The Thomas Hunt Morgan Medal recognizes lifetime contributions to the field of genetics. The 2020 recipient is David Botstein of Calico Labs and Princeton University, recognizing his multiple contributions to genetics, including the collaborative development of methods for defining genetic pathways, mapping genomes, and analyzing gene expression.


graphic file with name 261fx1.jpg

THE great honor of being awarded the Genetics Society of America (GSA)’s Thomas Hunt Morgan Medal stimulated me to think of how Morgan’s ideas and leadership in the development of genetics as a science influenced my own intellectual development. Three foundational elements stand out, two of which are directly traceable to Morgan himself and his “fly room” at Columbia University 100 years ago. Morgan’s ideas and example shaped my career and were the basis of the contributions I was able to make to the development of the modern sciences of genetics and genomics.

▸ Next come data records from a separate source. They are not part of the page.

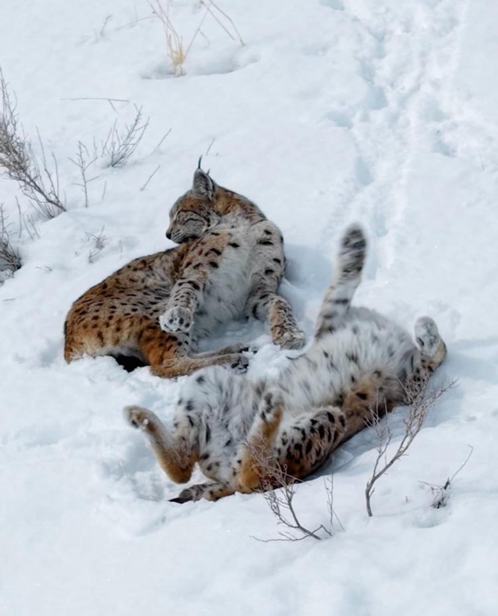 Kar üstündeki vaşaklar görüntülendi
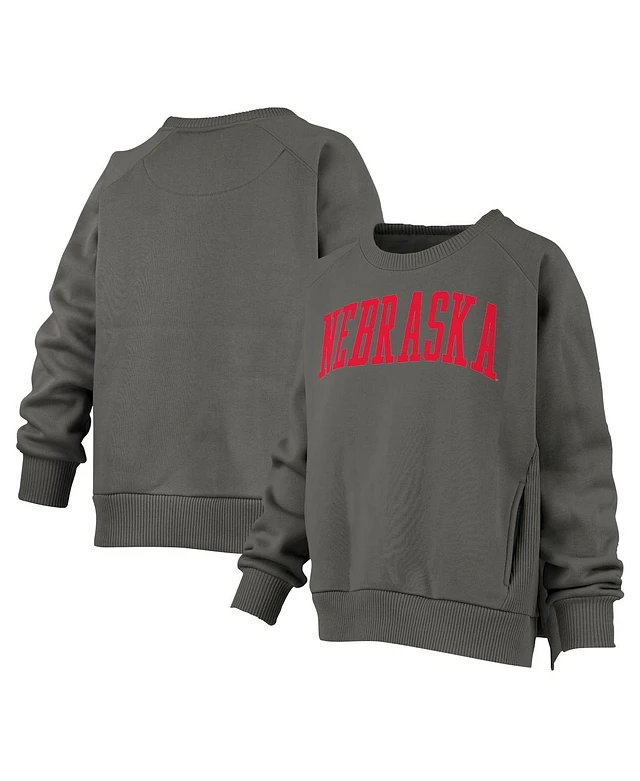 Pressbox Women's Charcoal Nebraska Huskers Pocketed Raglan Pullover Sweatshirt
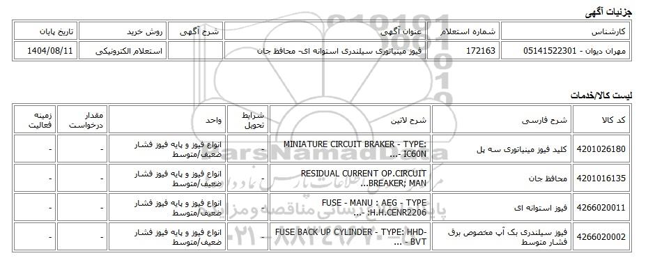 | مهران دیوان - 05141522301 | 172163 | فیوز مینیاتوری سیلندری استوانه ای- محافظ جان | استعلام الکترونیکی | 1404/08/11 |
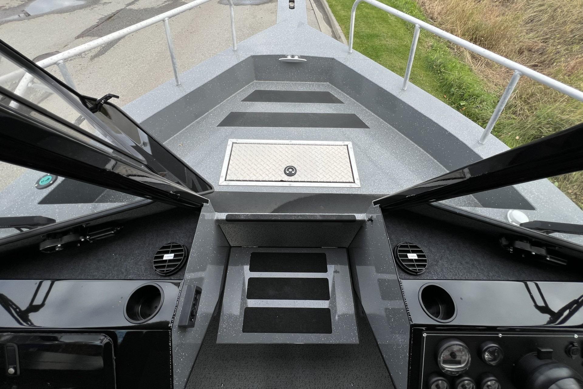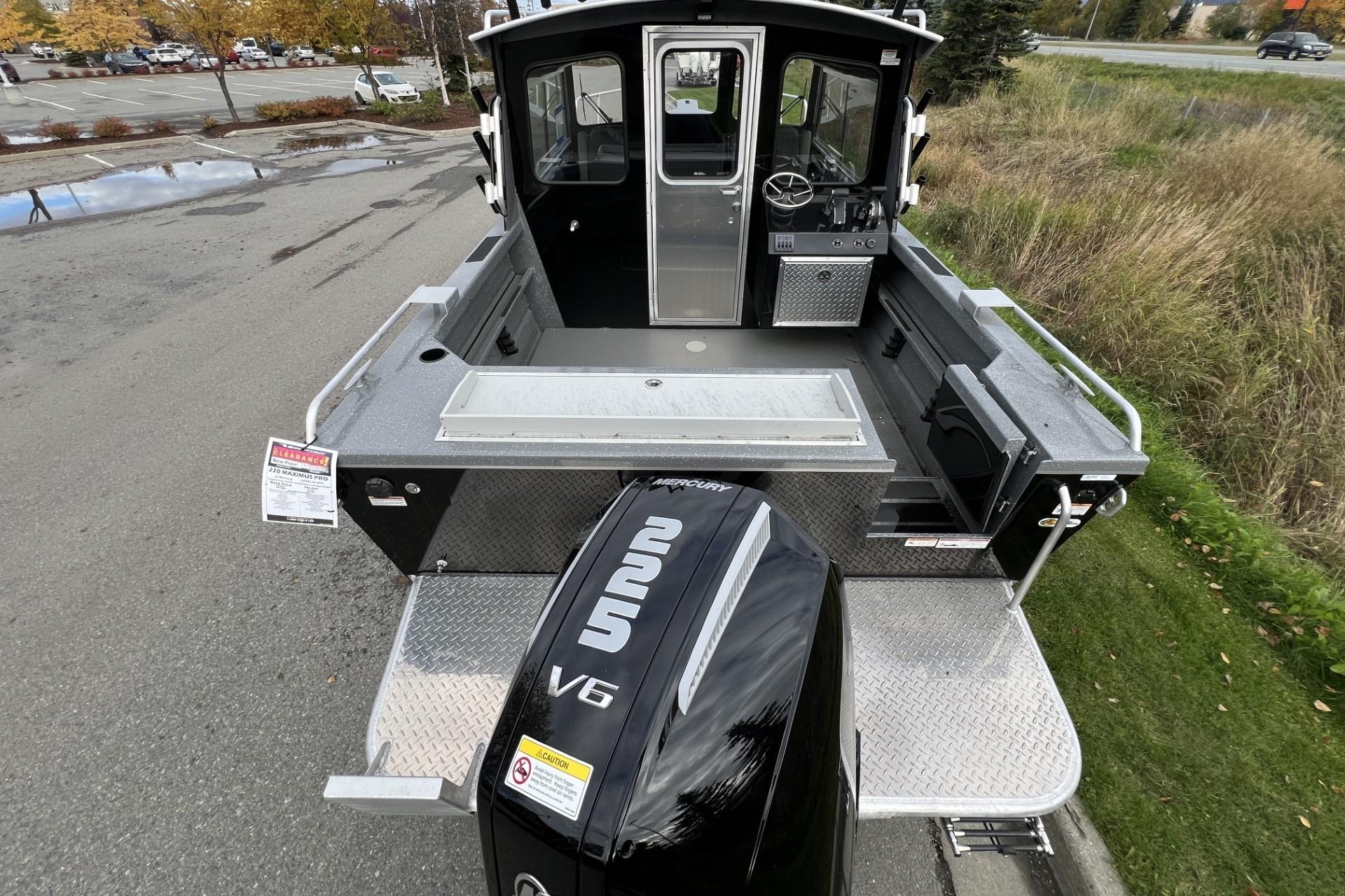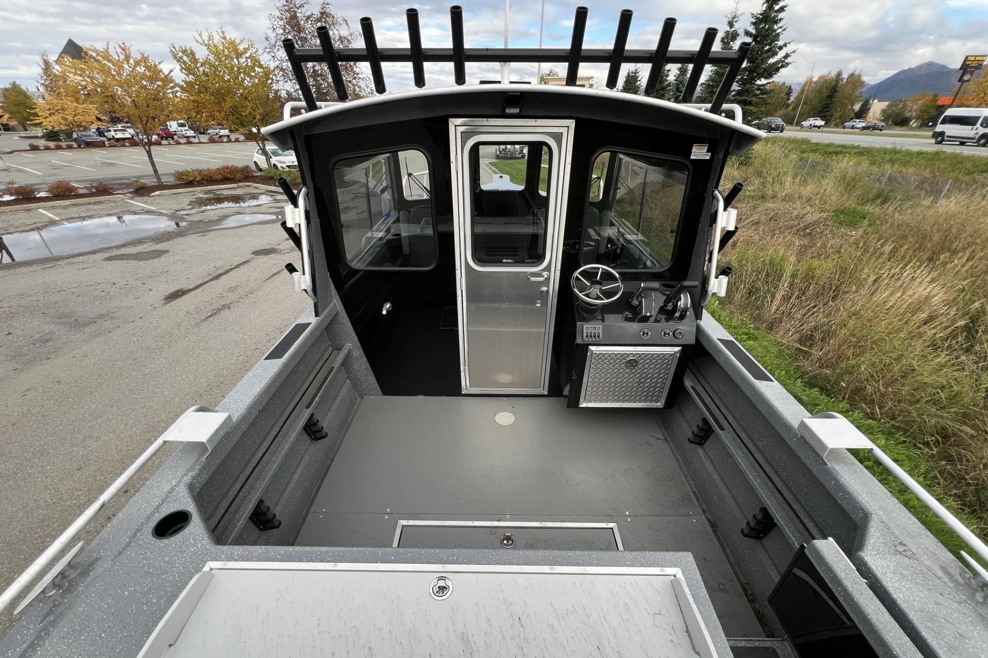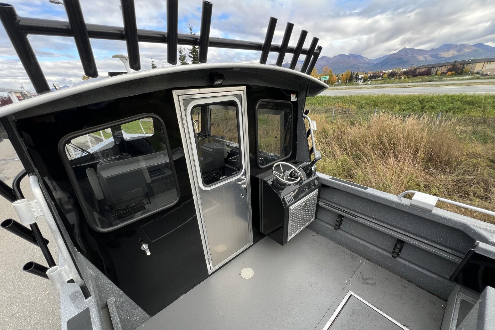 • Alaskan Package - Bulkhead w/ Swing Door; Non-Skid Cockpit Aluminum Flooring; Vinyl Covered Aluminum Transom Board; Fuel Capacity Upgrade
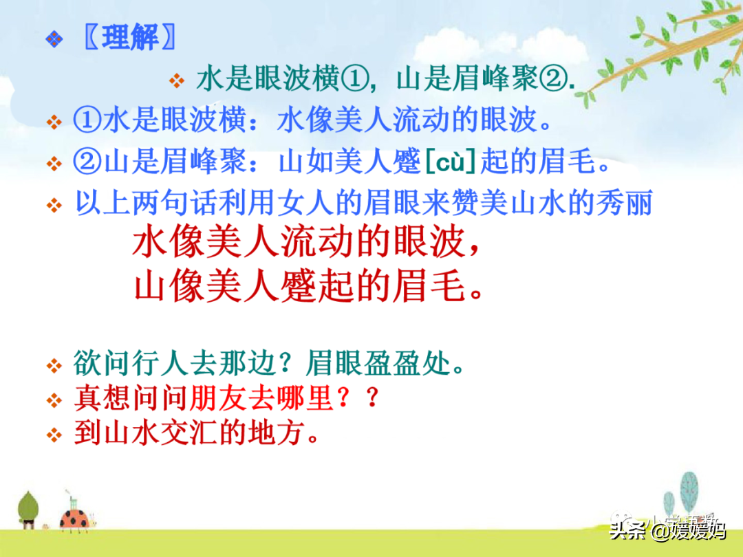 (4)山是眉峰聚:山如美人蹙起的眉毛。《西京杂记》载卓文君容貌姣好,眉色如望远山,时人效画远山眉。后人遂喻美人之眉为远山,这里反用。
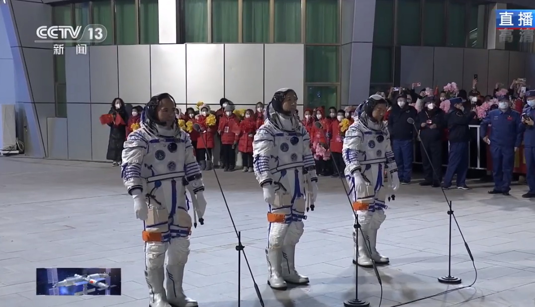 神舟十五号载人飞行任务航天员乘组出征仪式。图源:@央视新闻 视频截图
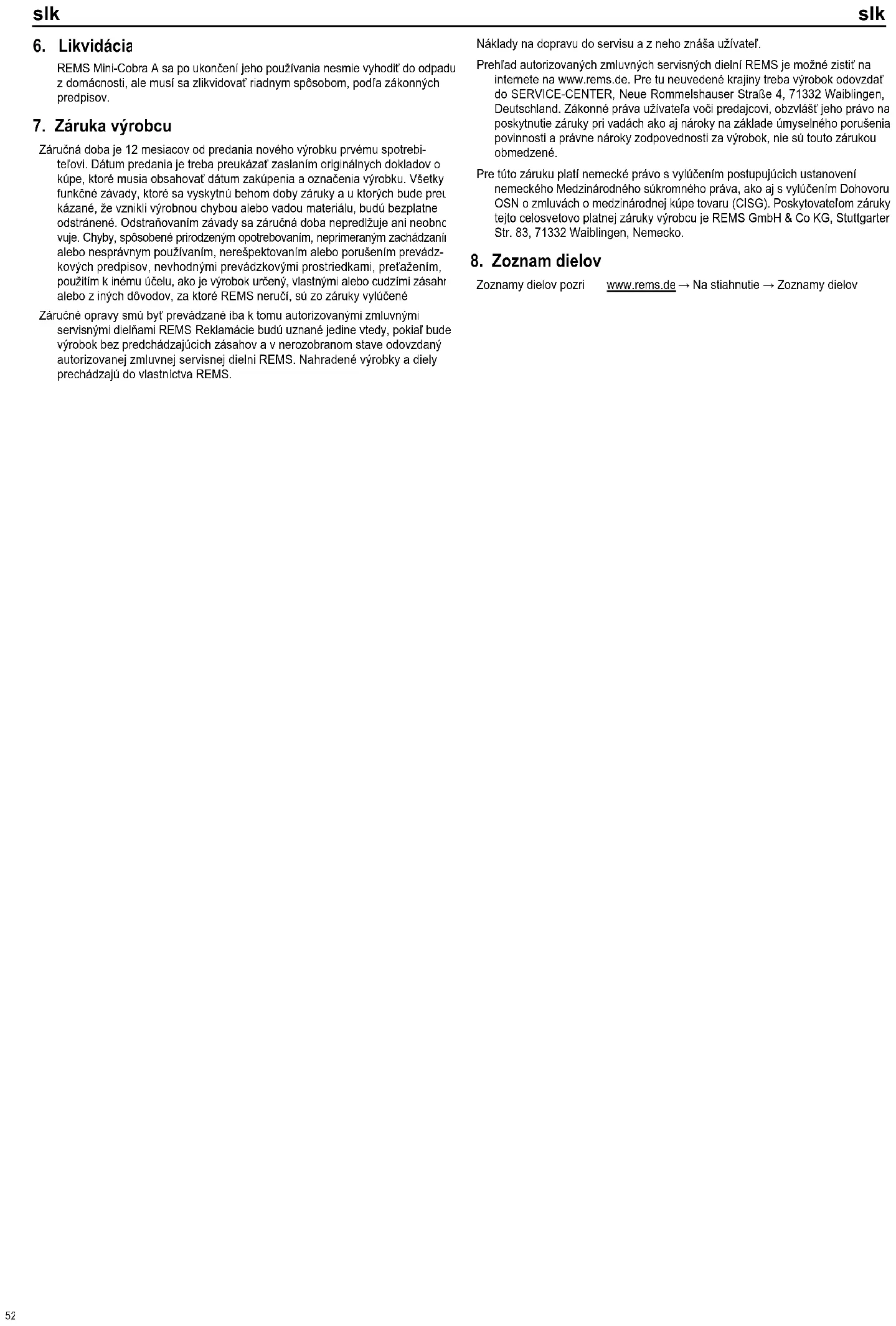 A REMS Mini-Cobra A szerszámot tilos használati ideje lejártával a háztartási hulladék közé helyezni, hanem a törvényi előírásoknak megfelelően kell ártal- matlanítani.
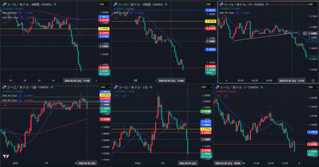 その後、15分3波狙いも5分で安値割れ逆からくる苦手なパターンでスルー
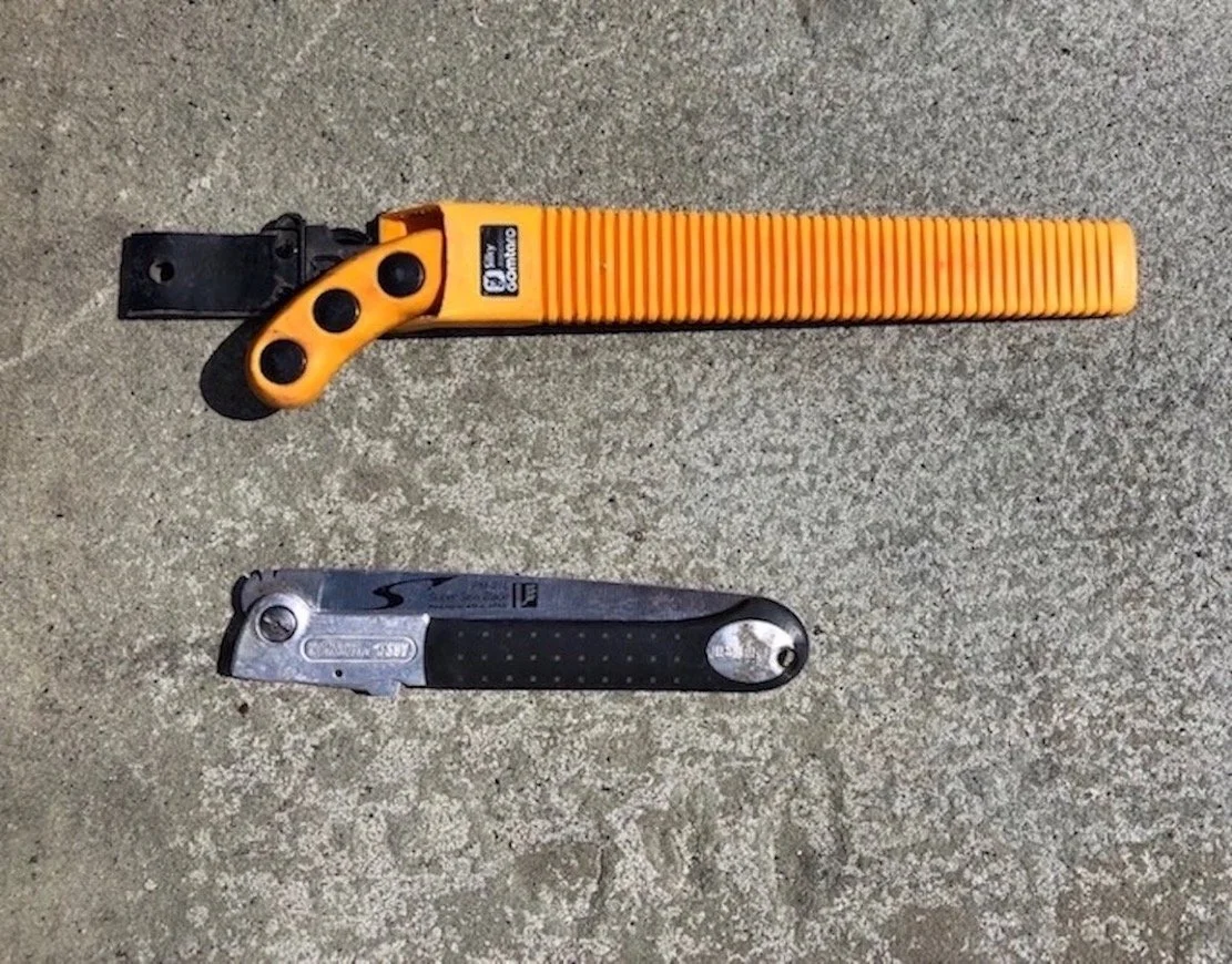 Smaller folding saws like the black and silver ARS variety (above photo) are a must have in your arsenal of tools. They’re a little easier to use in tight areas and easy to carry around in a holster - very handy when you’re climbing up a ladder to prune for a far reaching branch. Both Felco, ARS and Silky offer a wide variety of sizes to suit any need with prices ranging from $75 and up.
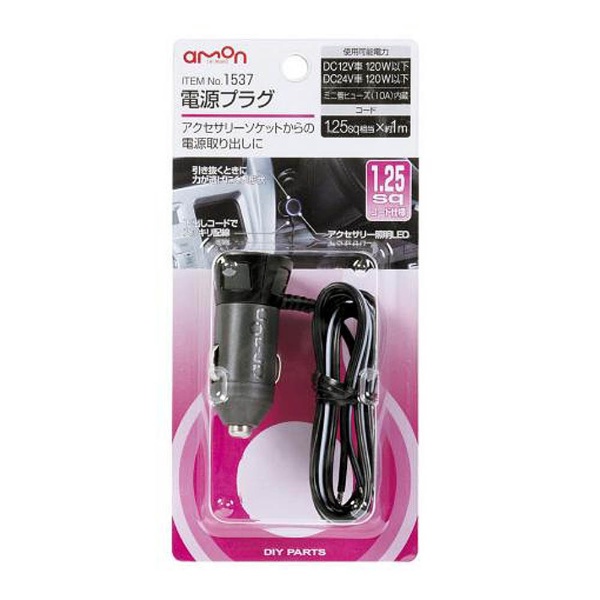 ■インジケータLED付き 【仕様】・使用可能電力:DC12V車/120W以下 DC24V車/120W以下・コードサイズ:1.25sq相当×約1m・ミニ管ヒューズ(10A)内蔵・アクセサリー照明LED(青)付 【内容物】・電源プラグ(1.25sqコード付き):1個

One of these elements is the idea that frequencies of recombination could be used quantitatively to map genes relative to one another on the chromosomes (Sturtevant 1913; Bridges 1921). The second, which grew organically out of the process of making comprehensive linkage maps, was the establishment and nurturing of an open and cooperative intellectual culture and community dedicated to the genetics of Drosophila melanogaster and the mapping and characterization of its functional genes. As scientists found new genes (characterized in those days by their heritable mutant phenotypes), they mapped them to each other by exchanging mutant strains and crossing them. The third element, the development of genome databases, came much later, following closely upon the determination of genome sequences and requiring, of course, the development of modern computers and computer science.

A very similar history underlies the development of the scientific community dedicated to the study of the genetics of budding yeast, Saccharomyces cerevisiae. Like the case of Drosophila, interest in yeast began with genetic linkage mapping, which gave rise to an open community of geneticists who cooperated in the construction and maintenance of the genetic map. Like the fly community, the yeast community is still active and vibrant today. I was fortunate to have joined the yeast community near its beginning, long before genome sequencing. At that time, yeast and fly geneticists who had found and mapped a new gene combined their data in periodic publications of the community’s map with a list of markers and their arrangement on the chromosomes. The last such yeast publication was a review (Mortimer and Schild 1985) and the last such fly publication was the “Red Book” (Lindsley and Zimm 1992). These maps and the data that underlay them became the starting point for SGD (Saccharomyces Genome Database; Cherry et al. 1997) and Flybase (Ashburner and Drysdale 1994). One of the contributions to our science that I am most proud of was my participation in founding SGD and helping to guide its continuing success over the decades in providing current genomic information to the yeast community.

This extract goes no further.